Eckernförde | Die Entwicklung der Mode in den letzten sechs Jahrzehnten hat es den Achtklässlern der Grund- und Gemeinschaftsschule Nord angetan. Zusammen mit ihrer Lehrerin Julia Stamer-Neumann haben sie in dem kreativen Kurs "Gestalten" innerhalb dieses Schuljahres herausgearbeitet, welche Bedeutung so ein Outfit für die Menschen eigentlich darstellt, wo die Anfänge der modernen Modewellen liegen und welchen dieser Trends seit Mitte des letzten Jahrhunderts Menschen weltweit folgen. Am vergangenen Freitag zeigten die Schüler im Rahmen einer Modenschau vor rund 50 begeisterten Zuschauern die originellen Ergebnisse ihres Wahlpflichtkurses.

Petticoats und Miniröcke, Glitzersakkos und Schlaghosen - die antiautoritären Sechziger und die wilden Siebziger fanden an diesem Nachmittag besonderen Anklang. Was Mama und Papa einst selbst trugen, stand dem Nachwuchs, der sich auf den improvisierten Laufsteg traute, auch sehr gut. Mit dem passenden Soundtrack von Abba, Paul Anka und anderen Größen ihrer Zeit zeigten die 19 Schüler, was das stimmige Disco-Outfit ausmachte, aber auch "Flower Power" sowie wie die einerseits zugeknöpften, andererseits erstmals polarisierenden Modeerscheinungen der 1950er-Jahre wurden nicht ausgelassen.

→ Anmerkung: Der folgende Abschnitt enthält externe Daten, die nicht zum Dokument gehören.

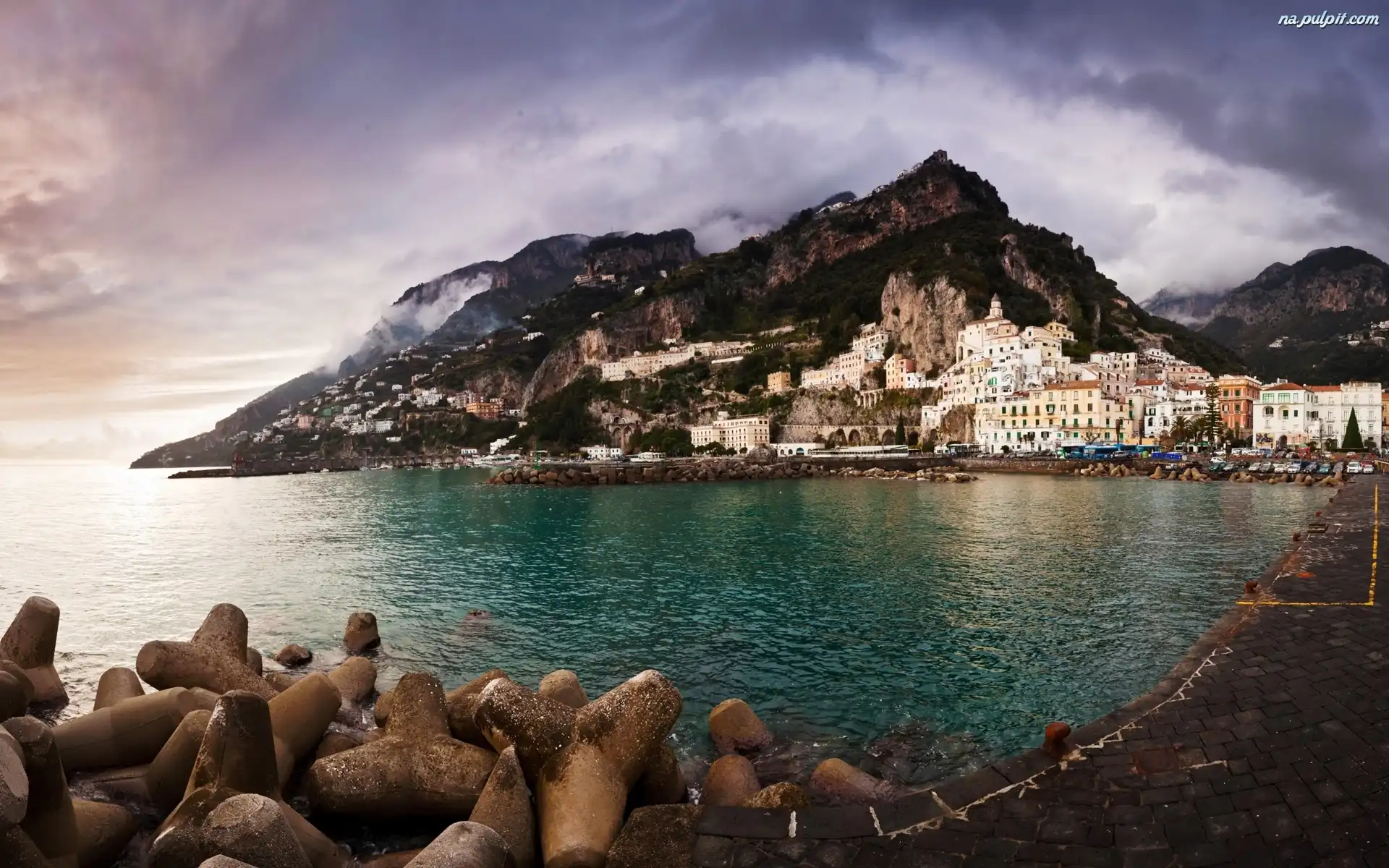 Budynki, Włochy, Amalfi, Wybrzeże Na Pulpit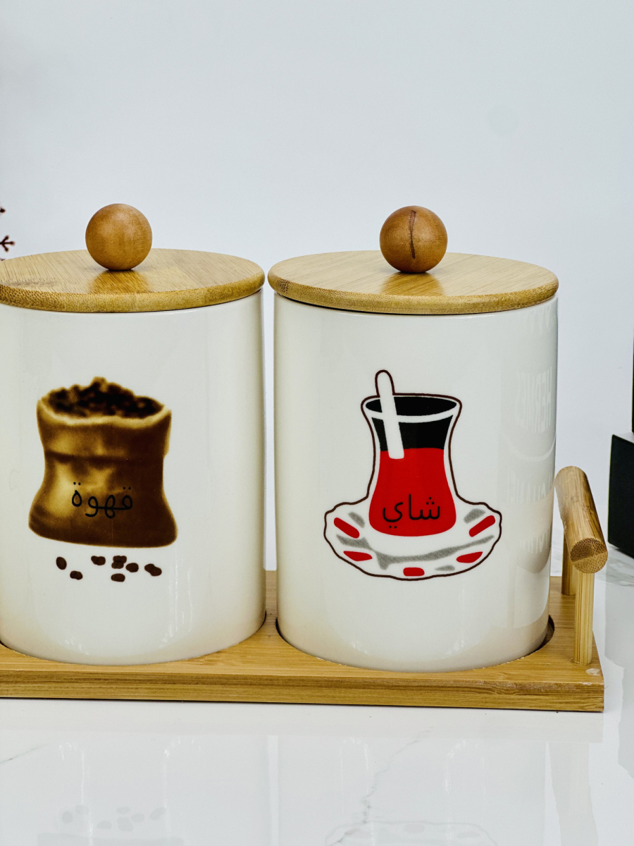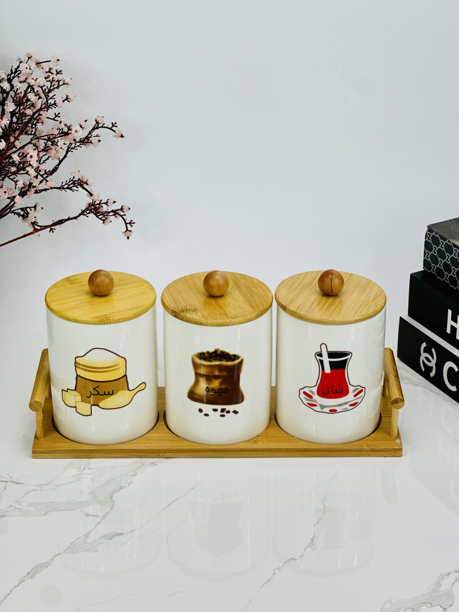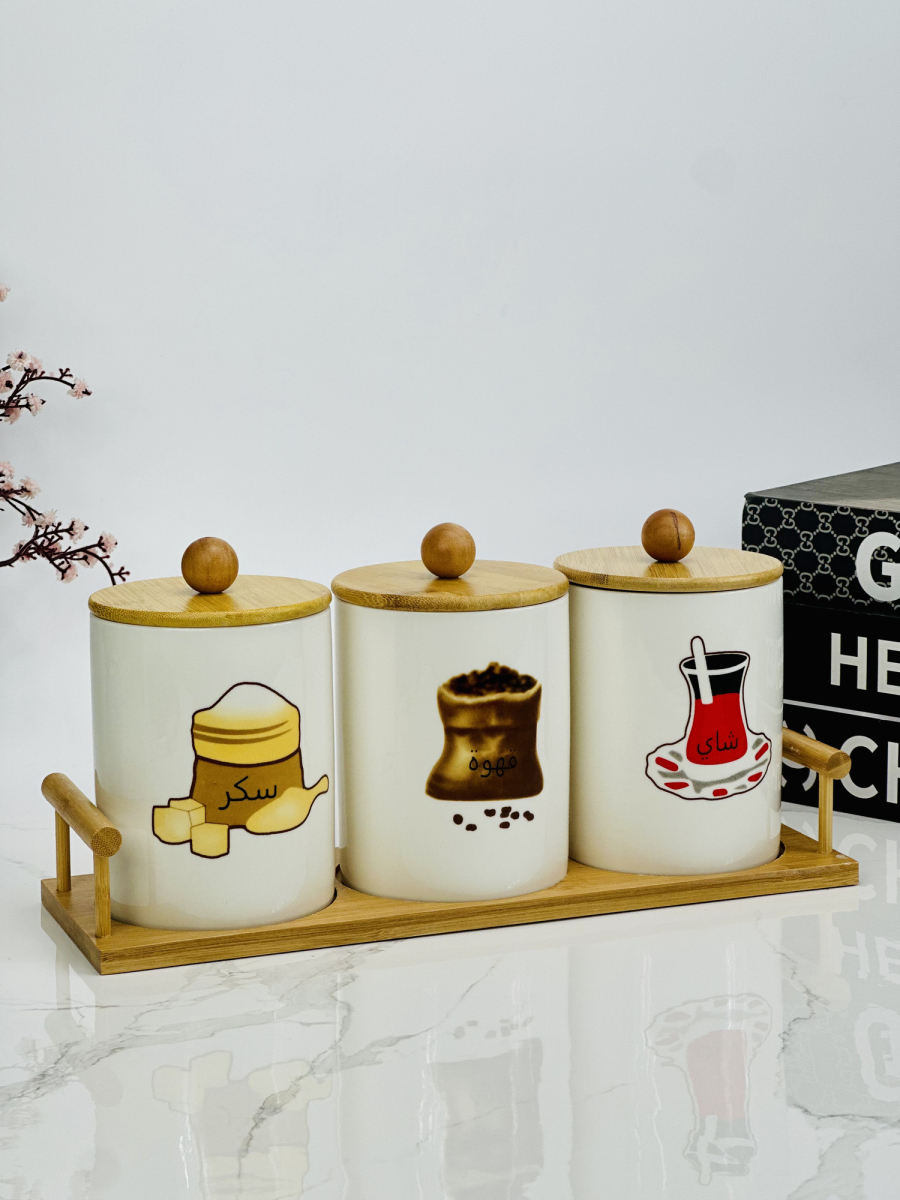 سيت سكر وشايي سراميك مصور مع ستاند بامبو قياس كبير

In Kurzreferaten wurde zum Beispiel Modeschöpfer Christian Dior (1905 - 1957) vorgestellt. Als "fraulich, romantisch" wurden seine Kleider Ende der 40er-Jahre von der Damenwelt vergöttert und trotz aller Biederkeit in Zeiten der aufkommenden Emanzipation gern zur Schau getragen.

Auch der Vietnamkrieg wurde in der Modewelt reflektiert. Man begegnete ihm auf der einen Seite mit selbstgemachten Batik-T-Shirts und -hosen sowie durchsichtigen Bikinis in der "Flower Power"-Bewegung, auf der anderen Seite mit unbedingtem Patriotismus beim Tragen des Military-Looks, der sich an der Armee-Bekleidung orientiert. Kunterbunt und ausgesprochen ausgefallen zeigten sich die Achtklässler bei ihren Schuhkreationen. "Wenn mein Schuh Flügel hätte…", so der Titel des Projektes, der umgestaltete alte Treter in abstrakte Kleinkunstwerke verwandelte - mit Flügeln oder Wölkchen, in jedem Fall bereit, abzuheben. Auch selbstgestaltete Handtaschen aus Recyclingmaterial wie Plastikgras oder Blumen durften auf dem Catwalk nicht fehlen.

"Wie weit geht gestalten?", fragte Deutsch- und Kunstlehrerin Julia Stamer-Neumann zu Beginn des neu eingeführten Kurses. Mit dem Resultat ist sie zufrieden: "Die Schüler hatten gute Einfälle, haben ein bisschen experimentiert und sich toll eingebracht."